Jeanette detected a “putrid” smell in the room. She indicated it smelled like mold, mildew, or “something rotten.”

¶ 13 Four days later, plaintiff and Jeanette investigated. They discovered that the smell came from the crawl space.

¶ 14 A few days after that, plaintiff pulled up the carpet in his son’s room to lay laminate flooring defendants had left behind for plaintiff. There were water stains on the wood subfloor.

There was no staining on the carpet or padding. Plaintiff then cut a hole in the wall in his son’s room. He saw what he believed was mold behind the drywall.

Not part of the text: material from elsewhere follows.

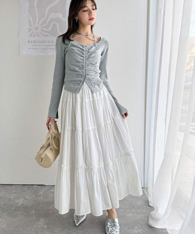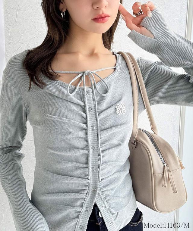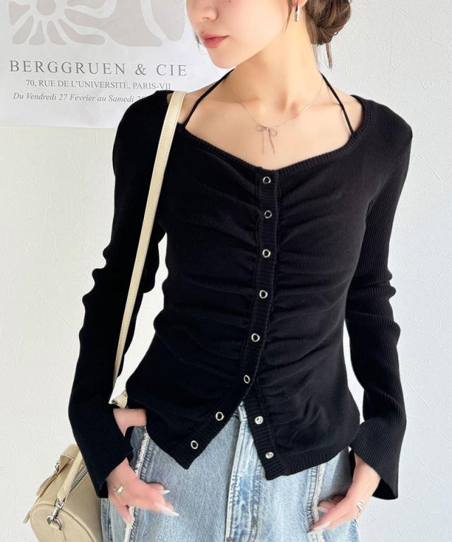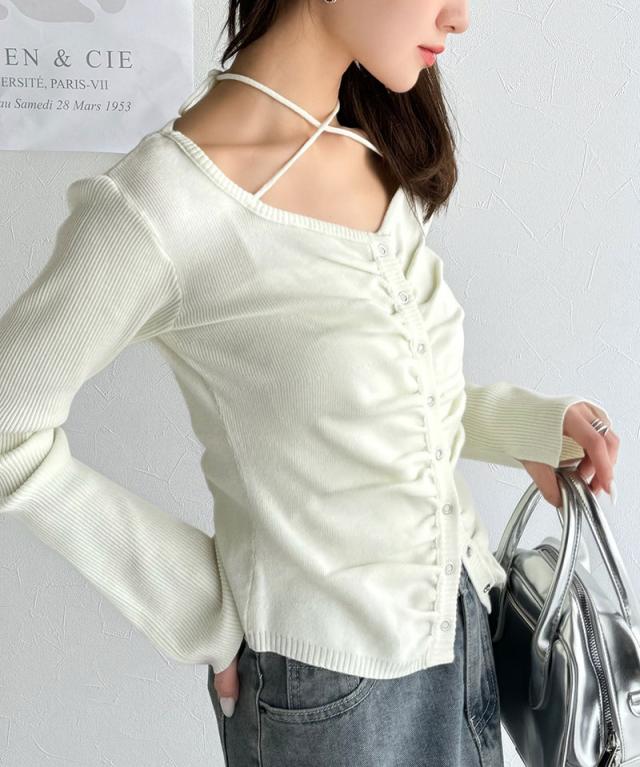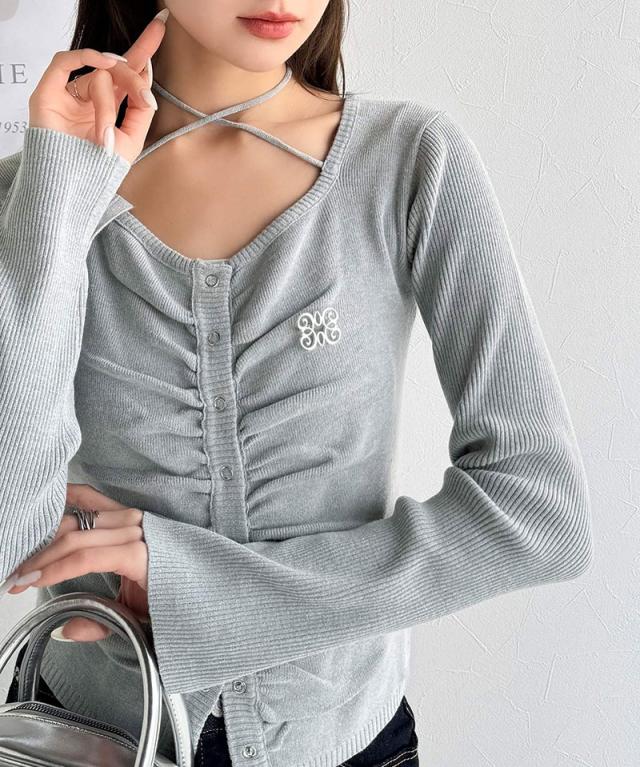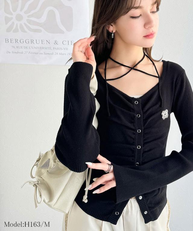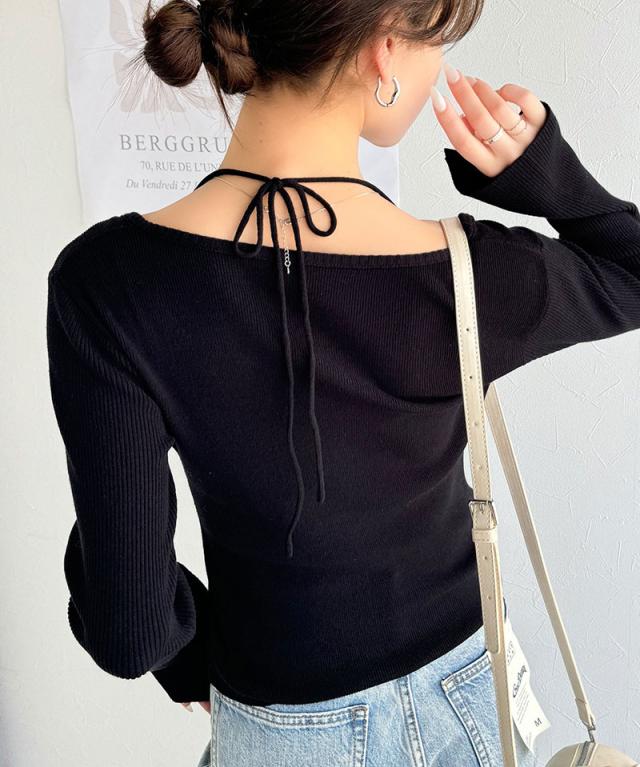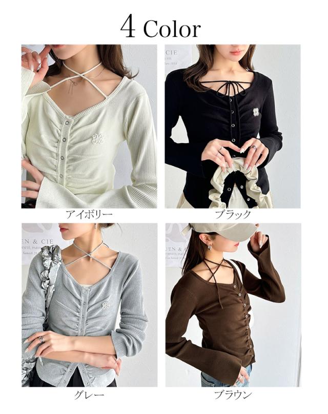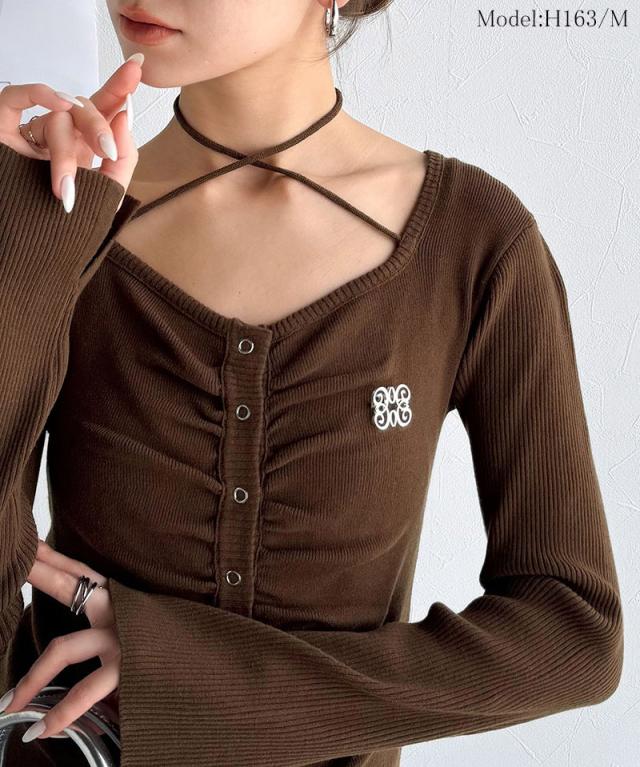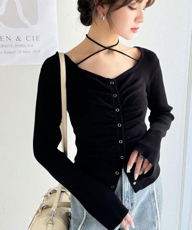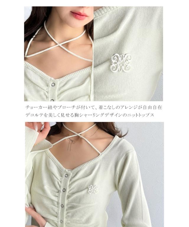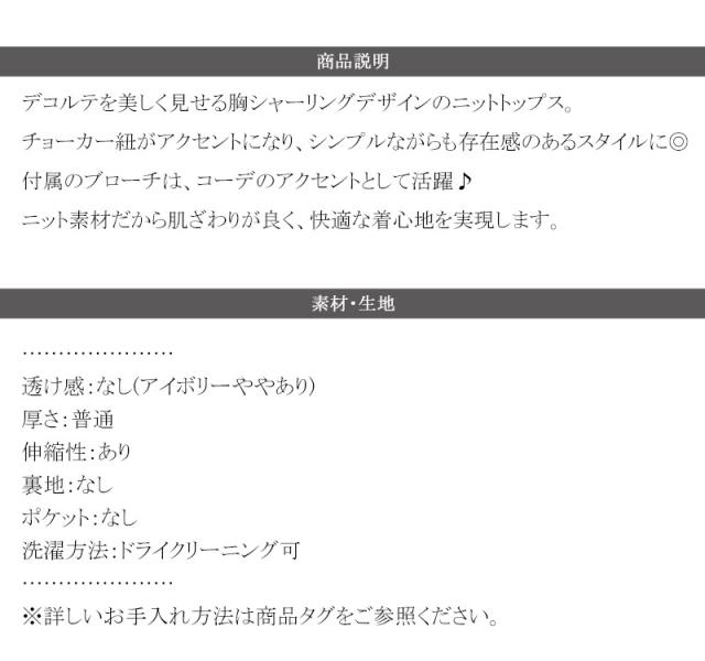 ★【mily bilet】デコルテ華奢魅せ。チョーカー紐&ブローチ付き胸シャーリングニットプルオーバー(長袖)★

¶ 15 Approximately 10 days after closing, Jeanette contacted AdvantaClean, a water remediation company. AdvantaClean inspected the home around June 19, 2018. They discovered (1) high levels of moisture in the house and the crawl space and (2) extensive mold on joists in the crawl space and on the backside of trim in the northeast bedroom. AdvantaClean also found in the crawl space a crack in the home’s foundation and a disconnected vent to the dryer. Eric Cavanaugh of AdvantaClean, who was declared an expert in mold remediation, testified that the mold began forming at least six months to one year before AdvantaClean’s inspection. He opined that both the foundation crack and the disconnected vent in the crawl space could have caused or contributed to the mold formation. Cavanaugh intimated that, although the mold was widespread, it could have gone previously undetected because not everyone can smell mold. AdvantaClean fixed the foundation crack and removed the mold. Plaintiff paid AdvantaClean $25,427.18 for these services.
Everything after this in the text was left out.